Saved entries
▬▬▬▬▬▬▬▬▬▬
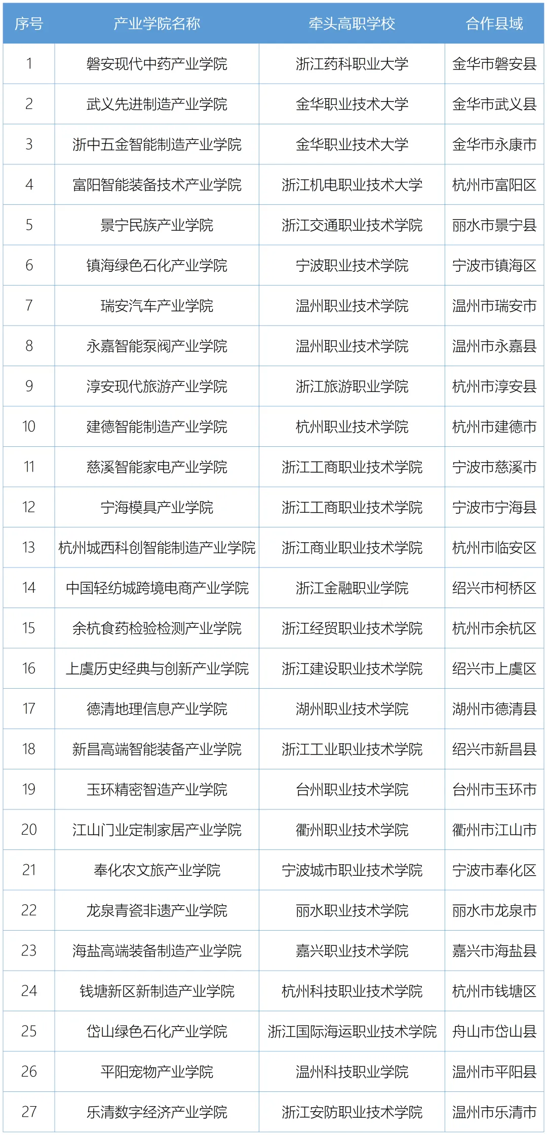 浙江省首批縣域產(chǎn)業(yè)學院立項建設名單
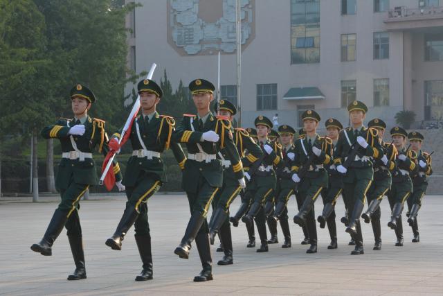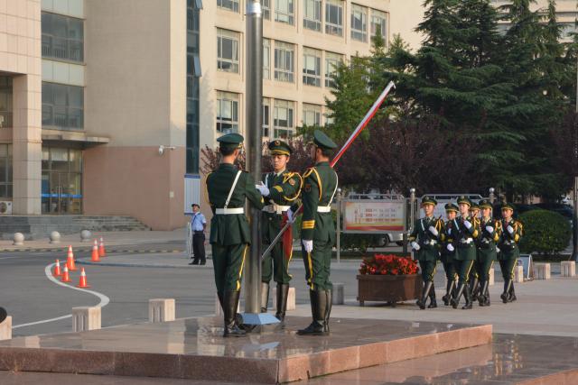 7点整。校国旗护卫队准时列队于国旗旗杆两侧,等待国歌奏响,举行庄严神圣的升旗仪式。
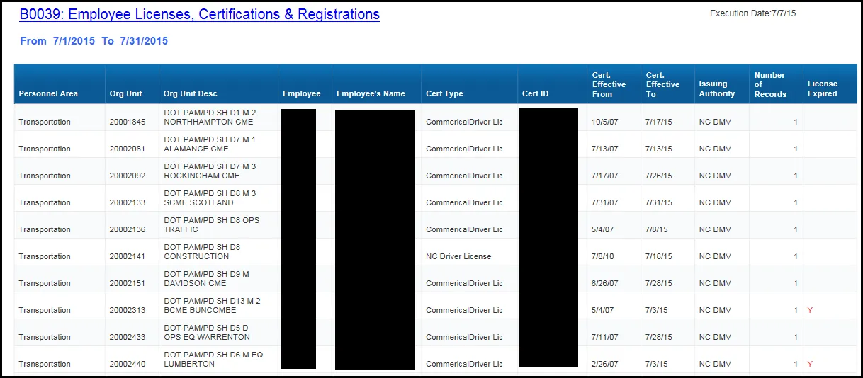 This report is used to monitor the validity of required licenses, certifications and registrations that employees need for their job functions.
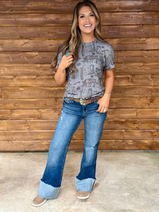 Featuring hand-drawn inspired sketches of boots, horses, ropes, and hats, this soft gray tee brings all the rustic charm you love in a comfy, relaxed fit. Whether you’re headed to the rodeo, running errands, or soaking up a slow Sunday on the ranch, this top keeps you cute and comfy all day long.
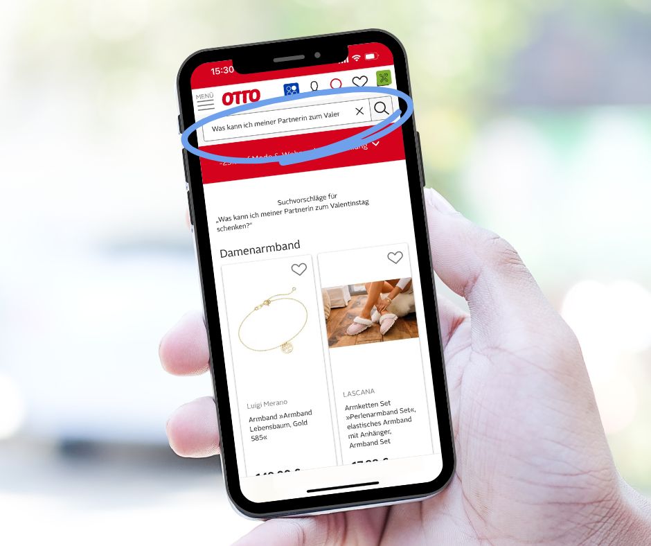 Die GenAI-Suche auf ottoversand.at kann nun auch komplexe persönliche Anfragen in inspirierende Ergebnisse übersetzen. Kund*innen, die beispielsweise für den Valentinstag nach Geschenken für ihre Liebsten suchen, müssen sich also nicht mehr überlegt haben, aus welcher Produktkategorie es stammen soll. Mit Suchanfragen wie „Was kann ich meiner Partnerin zum Valentinstag schenken?“ liefert die OTTO-Suche in Zukunft eine Übersicht der beliebtesten Artikel aus den unterschiedlichsten Sortimenten. Christoph Schernberger erklärt: „Suchen Kund*innen nach einem inspirativen Ergebnis, erkennt unser SearchBuddy die Suchanfragen. Diese werden mithilfe von GenAI erkannt und in relevante Suchbegriffe übersetzt, die auf ottoversand.at passende Ergebnisse liefern.“ So erhalten sie für das Valentinstagsgeschenk ihrer Liebsten derzeit Produktvorschläge von Schmuck über Parfum bis hin zu Deko-Artikeln.
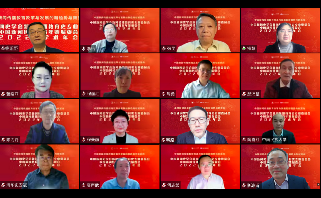 2022年11月12日,中国新闻史学会新闻传播教育史专业委员会、中国新闻传播教育年鉴编委会2022年学术年会在线成功举办。此次盛会汇聚了全国60多所新闻院校的300多位专家学者与在校学生。其中,大会主题报告与“院长论坛”共邀请到28位高校新闻传播学院的院长,“主编论坛”邀请到7位新闻传播领域重要学术期刊的主编、编辑部主任及责任编辑。
▬▬▬▬▬▬▬▬▬▬
▸ About this exercise:
Whatever the records hold apart from pictures should be repeated exactly.

▸ Response box:
 浙江省首批縣域產(chǎn)業(yè)學院立項建設名單
 7点整。校国旗护卫队准时列队于国旗旗杆两侧,等待国歌奏响,举行庄严神圣的升旗仪式。
 This report is used to monitor the validity of required licenses, certifications and registrations that employees need for their job functions.
 Featuring hand-drawn inspired sketches of boots, horses, ropes, and hats, this soft gray tee brings all the rustic charm you love in a comfy, relaxed fit. Whether you’re headed to the rodeo, running errands, or soaking up a slow Sunday on the ranch, this top keeps you cute and comfy all day long.
 Die GenAI-Suche auf ottoversand.at kann nun auch komplexe persönliche Anfragen in inspirierende Ergebnisse übersetzen. Kund*innen, die beispielsweise für den Valentinstag nach Geschenken für ihre Liebsten suchen, müssen sich also nicht mehr überlegt haben, aus welcher Produktkategorie es stammen soll. Mit Suchanfragen wie „Was kann ich meiner Partnerin zum Valentinstag schenken?“ liefert die OTTO-Suche in Zukunft eine Übersicht der beliebtesten Artikel aus den unterschiedlichsten Sortimenten. Christoph Schernberger erklärt: „Suchen Kund*innen nach einem inspirativen Ergebnis, erkennt unser SearchBuddy die Suchanfragen. Diese werden mithilfe von GenAI erkannt und in relevante Suchbegriffe übersetzt, die auf ottoversand.at passende Ergebnisse liefern.“ So erhalten sie für das Valentinstagsgeschenk ihrer Liebsten derzeit Produktvorschläge von Schmuck über Parfum bis hin zu Deko-Artikeln.
 2022年11月12日,中国新闻史学会新闻传播教育史专业委员会、中国新闻传播教育年鉴编委会2022年学术年会在线成功举办。此次盛会汇聚了全国60多所新闻院校的300多位专家学者与在校学生。其中,大会主题报告与“院长论坛”共邀请到28位高校新闻传播学院的院长,“主编论坛”邀请到7位新闻传播领域重要学术期刊的主编、编辑部主任及责任编辑。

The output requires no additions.